Like nearly all heads of state, Muslim and non-Muslim, he could have been content to intone, over and over, that there was “no link” between Islamic radicalism and Islam writ large.

Mohammed VI is doing the opposite.

He is acknowledging the link and cutting it.

He has taken note of the leverage these bandits have acquired through their self-conferred right to speak in the name of God and, to undermine their leverage, he is disputing and denying that right.

In short, he has intruded into the theologico-political mechanism that gives the new terrorists their influence and effectiveness. And, by subverting that mechanism, by playing it against itself and snaring it in its own trap, he is drying up the spring of legitimacy on which the fundamentalists have been relying. He is isolating them within the community of believers, a community in which they are nothing more than dismal outgrowths. And, in so doing, he is breaking their fearsome religious grip on credulous souls.

As when, at the beginning of his reign, he launched his great reform to promote equality of the sexes, fighting gender privilege with exegesis and consulting women’s organizations as well as religious scholars, with the result that, two years later, Morocco had a family code that was equally consistent with the precepts of Islam and the modern principles of human rights.

It was in just this way, too, that the emancipation of the Enlightenment began in western Christendom, with the God of natural rights posed against that of the Inquisitors, and, once the new movement had taken root, with Locke’s and Bodin’s recognition that each of us contains a share of transcendence, the strongest guarantee of our inviolability and our rights.

For how long have we been hearing that, in Islam, there are no constraints and no privileged point of view?

Wrong.

You have a choice, Mohammed VI is saying to his subjects and to all Sunnis who recognize his “discernment.”

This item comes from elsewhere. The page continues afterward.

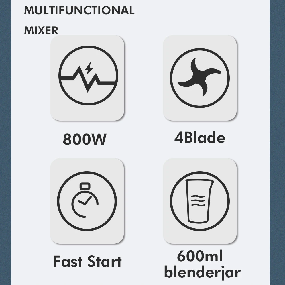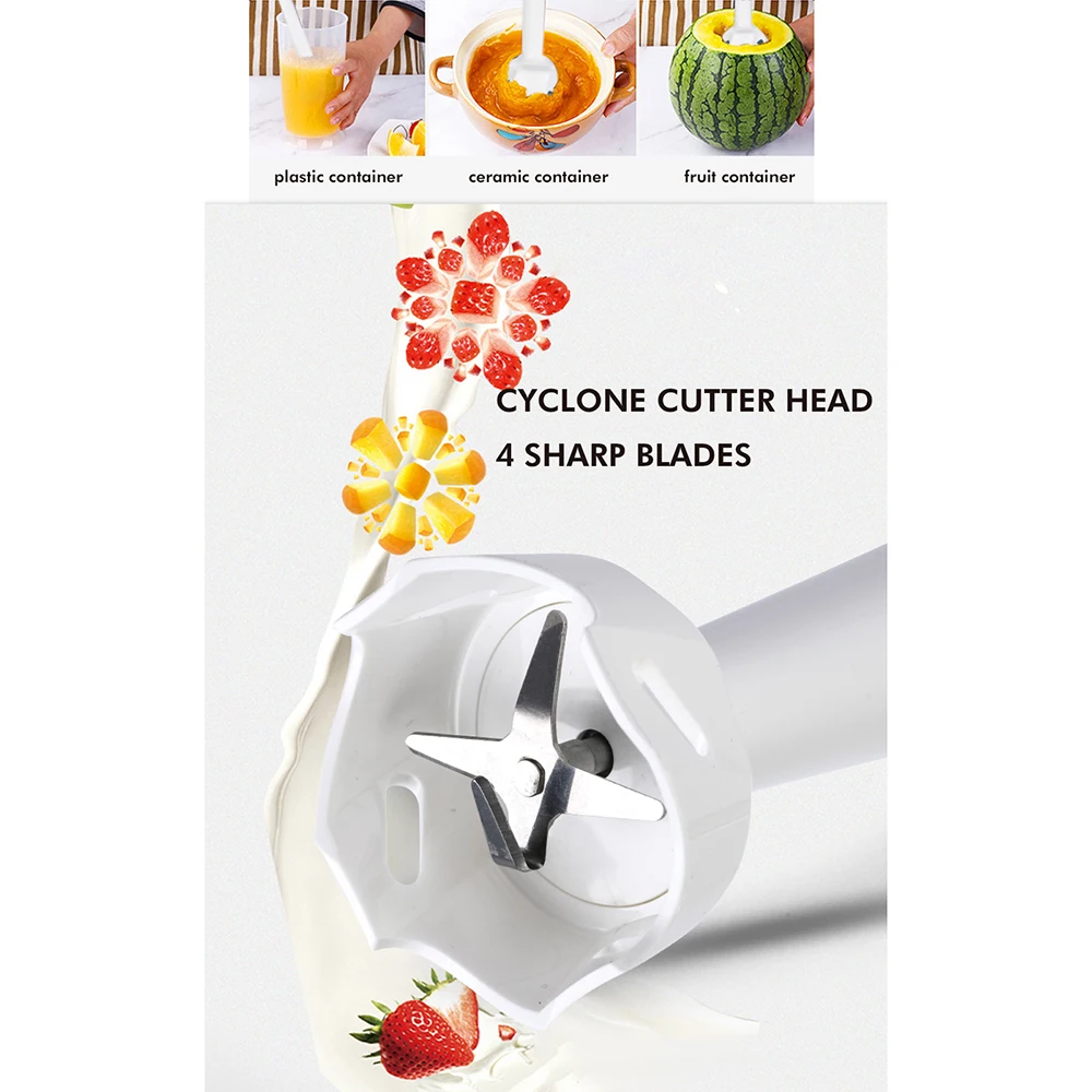 1: Versatile Handheld Blender: Our handheld blender is a versatile kitchen tool that mixes, whisks and purees a variety of ingredients to make smoothies, sauces, baby food, shakes, purees and soups. The high power 800 watt motor handles the most difficult mixing tasks with ease, ensuring smooth and consistent results.

A self-proclaimed emir in Mosul—or the descendant of Ali.

A flimsy caliphate without memory or wisdom, propped up by fire and the sword—or a Sharifian dynasty that has stood the test of time, including the time of the Ottoman Empire, without renunciation.

But hold on; that’s not all!

In the name of the order of the faithful whose lieutenant he is, Mohammed VI adds this: If you choose the first, if you rally to the black flag of the would-be caliphs who “interpret the Koran and the Sunnah in accordance with their interests” and who “wrongfully excommunicate people,” you are excommunicating yourself, sinking into “misbelief,” and, far from gaining access to paradise and its virgins, as the charlatans promise, taking “your place in hell.”

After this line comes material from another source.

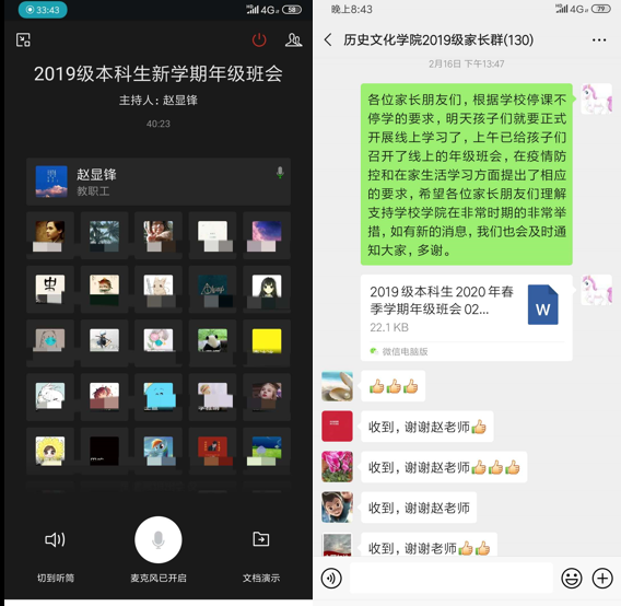 此外为确保线上新学期年级班会取得最大育人效果,公司辅导员老师积极践行“三全育人”工作理念,及时将新学期年级班会上对员工的要求通过微信群告知家长,争取员工家长对公司公司员工工作的理解支持,凝聚家校育人合力,确保员工在家学习质量,深入推进实施发展带领工程。

That is the meaning of the king’s speech in Tangier.

That is the bold, beautiful gesture of the grandson of the sultan who, in 1942, shamed the French state by siding with the Jews of the protectorate.

May his present-day allies take full measure of the event.

May they grasp fully the personal risk the king is running by taking on a criminal sect.

And may God grant that they not withhold the moral support or the economic and political backing that he will need in the upcoming battle.

Morocco is on the front line. We must help her hold it.